Thanks for the feedback Woodnthings...I usually do when others haven't already...Nor do I think :vs_worry: the OP owns Mafell or Festool rail based tools...So I think just mentioning a "rail saw" would lead them in that direction if they wish to possibly try it...

As for "pictures" of tools and shop, I don't do that when the tools don't belong to me personally but are "shop tools" collectively. That's part of the reason I have never posted in "what did you do today" or "show us your shop." I share my space with others, and we have all suffered some rather significant losses in our careers from theft. I personally have lost over $50K and will not ever allow that to happen again if I can help it at all!!! I would also share that many (most?) of my clients are rather exclusive and privacy is paramount to not only their personal lives but my professional bearing...

When I can post more details about something, I always do, and my "name" in quotes in "google images" displays quite a bit if every interested...

Thanks again for the feedback...:vs_cool::vs_cool::vs_cool:


----------



## olehunter234 (Nov 19, 2016)

if you ever want to edge glue native red cedar it should not go across a jointer. it will pull the knots . a nice sharp table saw and edge striatning jig will make a great glue joint.


----------



## woodnthings (Jan 24, 2009)

*the longer the better ........*

In the case of jointer beds, longer is better, in fact, a 6 ft infeed and outfeed bed would be perfect. The closest I've come to that is this:
Using 2 Harbor Freight support rollers with adjustable height,
remove the rollers and replace them with a 2" x 12" plank on either side of the table.. . To remove the rollers from the stands just push in on the pin, it's spring loaded, and the roller will pop out. Bevel the edge of the plank to avoid the work hanging up on it. The height is easily adjustable on these stands.
 


You can level out the plank to the outfeed table with a an 8 ft straight edge. It must be level because any variation will cause the cutterhead to remove too much material or skip it entirely. The plank does a better job supporting the work because there is no gap to bridge. You can bump it right up to the end of the outfeed table. :vs_cool:


----------



## Steve Neul (Sep 2, 2011)

I've always wanted to build a machine that was like a cross between a bandsaw mill and a jointer where the board is clamped down flat and you draw the jointer head across the edge of the wood. It wouldn't be that difficult to make except for space to set it up. If I jointed long wood frequently I would be more likely to do try it.


----------



## fareastern (Sep 19, 2014)

How about a No 7 plane and a good straight edge?Reading the original post I have doubts about whether the machine in question will ever be accurate without a major rebuild.If you have a 1/32 gap on each board over a 4 foot length it follows that you would have a 1/16 gap by putting those two pieces together at 4 feet long.Extend the length to 11 feet and it gets very much worse I suppose it wouldn't be that hard to calculate the radius that such a chordal deviation would define but for this project it is clearly excessive.

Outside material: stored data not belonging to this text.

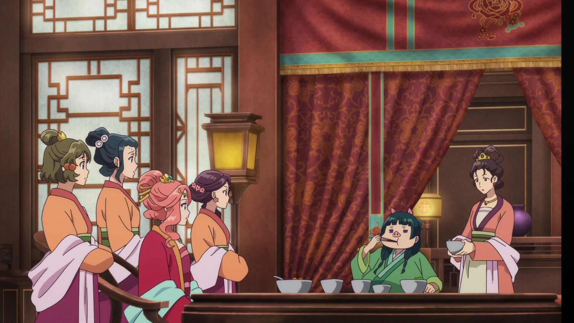 Маомао «получила свое». Разок помогла любимой наложнице императора и сразу стала ее фавориткой. «В чем же проблема?» — можете спросить вы. Так вот я отвечу, что Маомао очень комфортно сиделось на своей ма-а-а-аленькой должности — «низшей» служанки, — а теперь ее ждут прямо в Нефритовом Дворце. Это то же самое, как, будучи рядовым автомехаником, починить машину жены президента и переехать жить в их особняк, работая там личным автомехаником у настолько высокопоставленной семьи. Ответственности — лучше увольте!
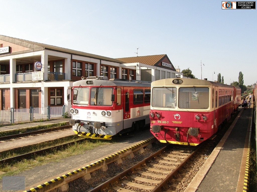 | Aвтомотрисы 813.004-9 и 810.365-7. Cтанция Tопольчаны (Topoľčany), Словакия Автор: zoric | Фото сделано 17.VIII.2009, опубликовано 21.VIII.2009.
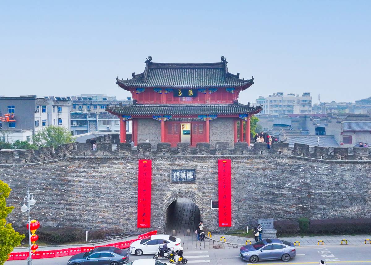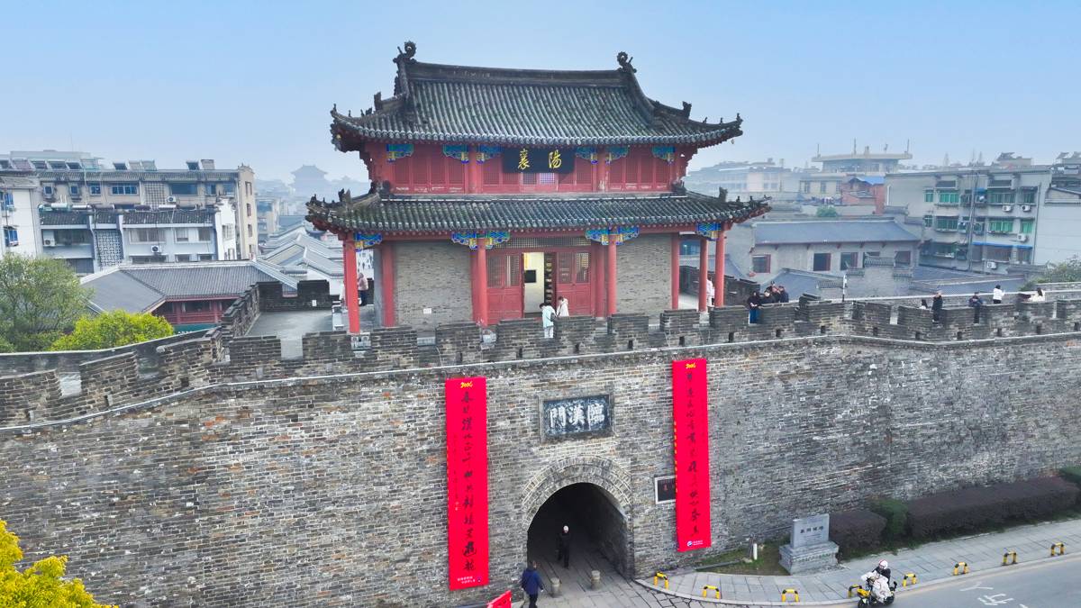 近日,襄阳古城临汉门悬挂起巨幅春联,红彤彤的联幅与城楼相映成趣,成为古城最抢眼的新春景观,吸引市民纷纷驻足拍照留念。
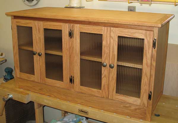 This is a TV stand I built for our HDTV. The stand measures approximately 48″ x 18″ x 26″. It is made of oak plywood and solid oak trim. The doors have reeded glass. The construction involves dado and rabbet and biscuit joinery and has mission style design elements.
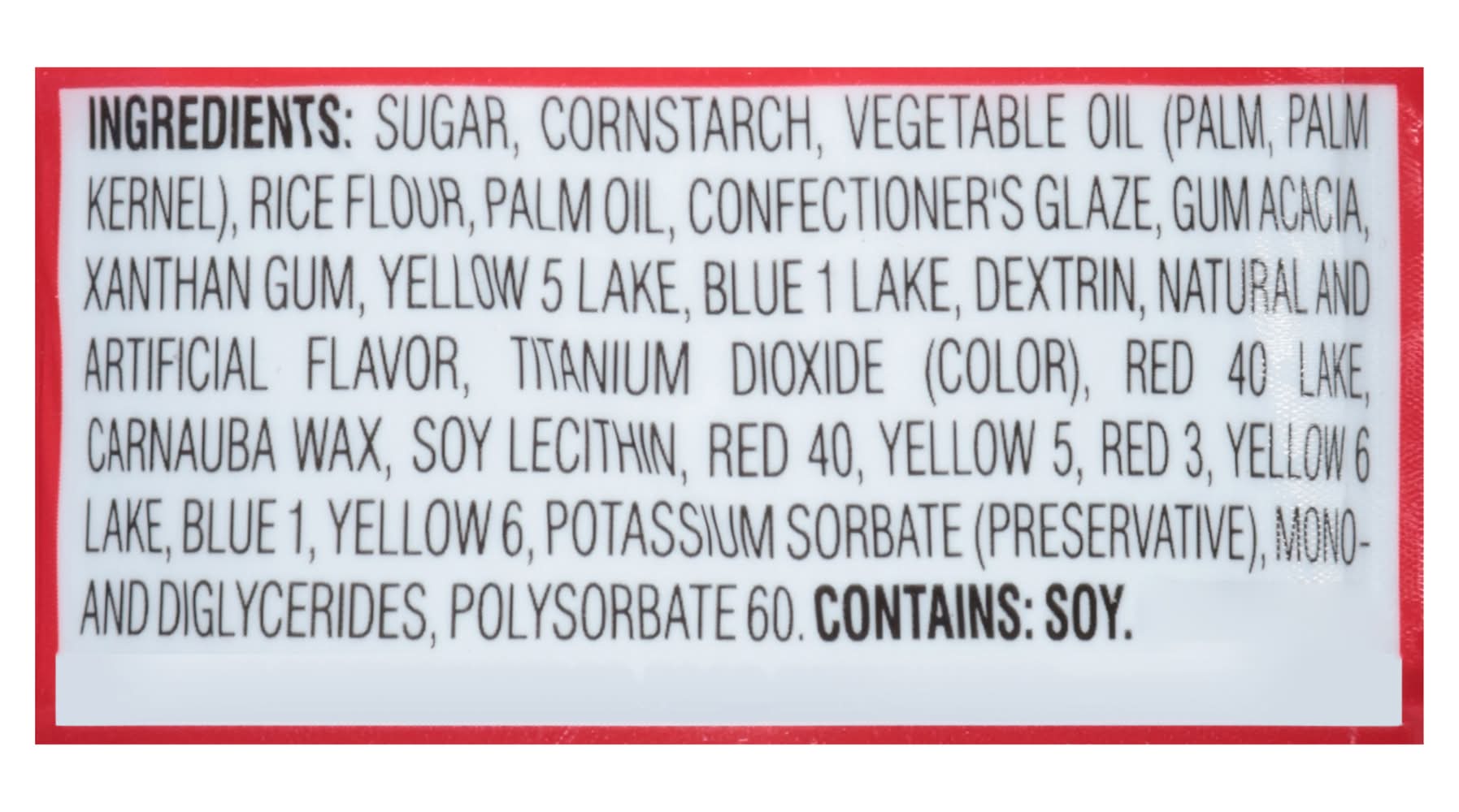 Ingredients: Sugar, Cornstarch, Vegetable Oil (Palm, Palm Kernel), Rice Flour, Palm Oil, Confectioner's Glaze, Gum Acacia, Xanthan Gum, Yellow 5 Lake, Blue 1 Lake, Dextrin, Natural and Artificial Flavor, Titanium Dioxide (Color), Red 40 Lake, Carnauba Wax, Soy Lecithin, Red 40, Yellow 5, Red 3, Yellow 6 Lake, Blue 1, Yellow 6, Potassium Sorbate (Preservative), Mono and Diglycerides, Polysorbate 60 Contains: Corn, Soybeans
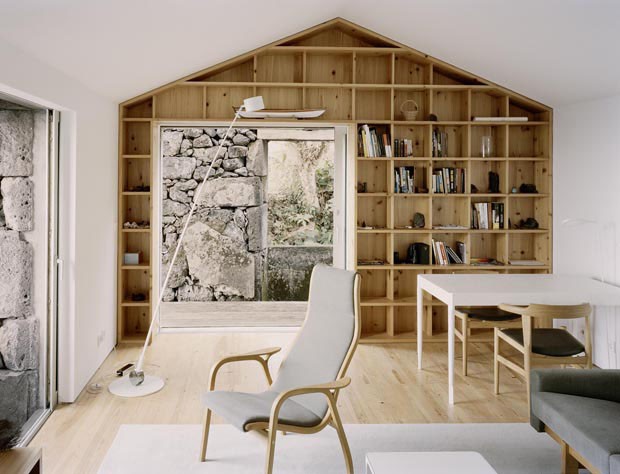 Em contraste com o exterior rústico, os interiores da casa na Ilha do Pico são contemporâneos e minimalistas, com marcenaria em madeira clara, paredes brancas e mobiliário de design escandinavo. Por esse trabalho, Inês e Miguel foram indicados para o Mies Van Der Rohe Award 2015, importante premiação de arquitetura contemporânea na Europa.
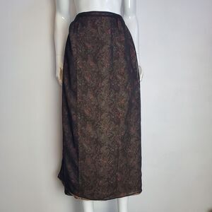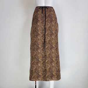 Vintage Y2K Emma James reversible wrap midi skirt with 2 ties at waistband. Brown paisley on 1 side, brown paisley with sheer black overlay with red floral design on other side. Tag is flippable depending on what side you're wearing.
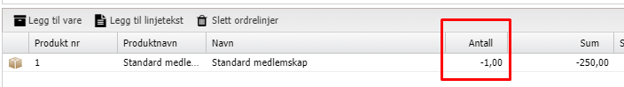 Her åpnes ordrebehandling med valgt faktura. Ordrestatus viser kreditèr, og antall varer og priser vises med minus foran. - Velg "lagre" eller "fakturer" for å opprette kreditnota.
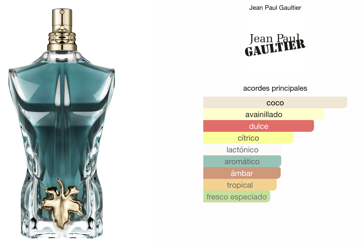 Las Notas de Salida son piña, iris, ciprés y jengibre; las Notas de Corazón son coco y notas amaderadas; las Notas de Fondo son haba tonka, sándalo, ámbar y ámbar gris.
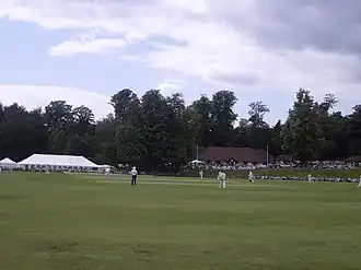 The ground has hosted some tour matches, and also MCC matches against international A sides. The first of these matches was in 2000 as part of Zimbabwe's tour of England against a West Indians team. The match ended in a draw, with West Indians Sherwin Campbell, Brian Lara and Shivnarine Chanderpaul all scoring centuries, as well as Zimbabwe and Sussex cricketer Murray Goodwin.[5] In 2002, Arundel Castle hosted a drawn match between Indians and West Indies A and in 2003 it hosted a drawn match between India A and South Africans.[6][7] The ground hosted MCC matches against the Australians in 2001, the West Indians in 2004, and Sri Lanka A in 2007; the MCC lost all three matches.[8][9][10]

To try using a saw for the job requires that the wood is supported and that the wood is thick enough that any splintering can be cleaned up later-not that I would be in a rush to plane off the depth of the splintering.You might have to find a tame owner of a drum sander for that.

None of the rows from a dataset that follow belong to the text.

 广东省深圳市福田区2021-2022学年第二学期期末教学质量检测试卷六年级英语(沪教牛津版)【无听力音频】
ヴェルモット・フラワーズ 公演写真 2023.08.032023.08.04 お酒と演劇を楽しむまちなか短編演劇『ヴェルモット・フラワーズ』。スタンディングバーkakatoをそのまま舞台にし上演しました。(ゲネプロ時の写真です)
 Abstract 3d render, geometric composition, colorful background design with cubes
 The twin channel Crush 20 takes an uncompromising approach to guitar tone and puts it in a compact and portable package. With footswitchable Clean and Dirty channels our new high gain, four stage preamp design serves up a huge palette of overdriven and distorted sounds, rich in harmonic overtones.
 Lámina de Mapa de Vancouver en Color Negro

Making a straight edge long enough to span the boards and using it in conjunction with a pair of them to achieve verification that all three are good is a useful skill to have and a sharp plane used for a morning should bet you a lot closer than you are at present.


----------



## TimPa (Jan 27, 2010)

OP when you have jointed the edges of 2 boards as you have, and you don't have the straight edge with the needed length to determine where the error is, try a string stretched taught to help see. a string won't lie...


----------